According to analysis by HP Wolf Security, one of the most notorious malware campaigns which is now relying ZIP archives and malicious HTML files is Qakbot – a malware family which is not only used to steal data, but also used as a backdoor for deploying ransomware. Qakbot reemerged in September, with malicious messages sent out by email, claiming to be related to online documents which needed to be opened. If the archive was run, it used malicious commands to download and execute the payload in the form of a dynamic link library, then launched using legitimate – but commonly abused – tools in Windows. Shortly afterwards, cyber criminals distributing IcedID - a form of malware which is installed in order to enable, hands-on, human-operated ransomware attacks – started using a template almost identical to that used by Qakbot to abuse archive files to trick victims into downloading malware. Both campaigns put effort into ensuring the emails and the phony HTML pages looked legitimate to fool as many victims as possible. 

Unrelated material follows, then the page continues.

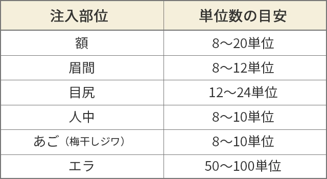 ボトックスの適正量は部位ごとに異なりますので、下の表を参考にしてみてください。

"What was interesting with the QakBot and IcedID campaigns was the effort put in to creating the fake pages – these campaigns were more convincing than what we've seen before, making it hard for people to know what files they can and can't trust," said Holland. A ransomware group has also been seen abusing ZIP and RAR files in this way. According to HP Wolf Security, a campaign spread by Magniber ransomware group targeted home users, with attacks which encrypt files and demand $2,500 from victims.   In this case, the infection begins with a download from an attacker-controlled website which asks users to download a ZIP archive containing a JavaScript file purporting to be an important anti-virus or Windows 10 software update. If run and executed, it downloads and installs the ransomware. Prior to this latest Magniber campaign, the ransomware was spread by through MSI and EXE files – but like other cyber criminal groups, they've noticed the success which can be achieved with delivering payloads hidden in archive files. 

Cyber criminals are continuously changing their attacks and phishing remains one of the key methods of delivering malware because it's often difficult to detect if an email or files are legitimate – particularly if it has already slipped by hiding the malicious payload somewhere where anti-virus software can't detect it. Users are urged to be cautious about urgent requests to open links and download attachments, especially from unexpected or unknown sources.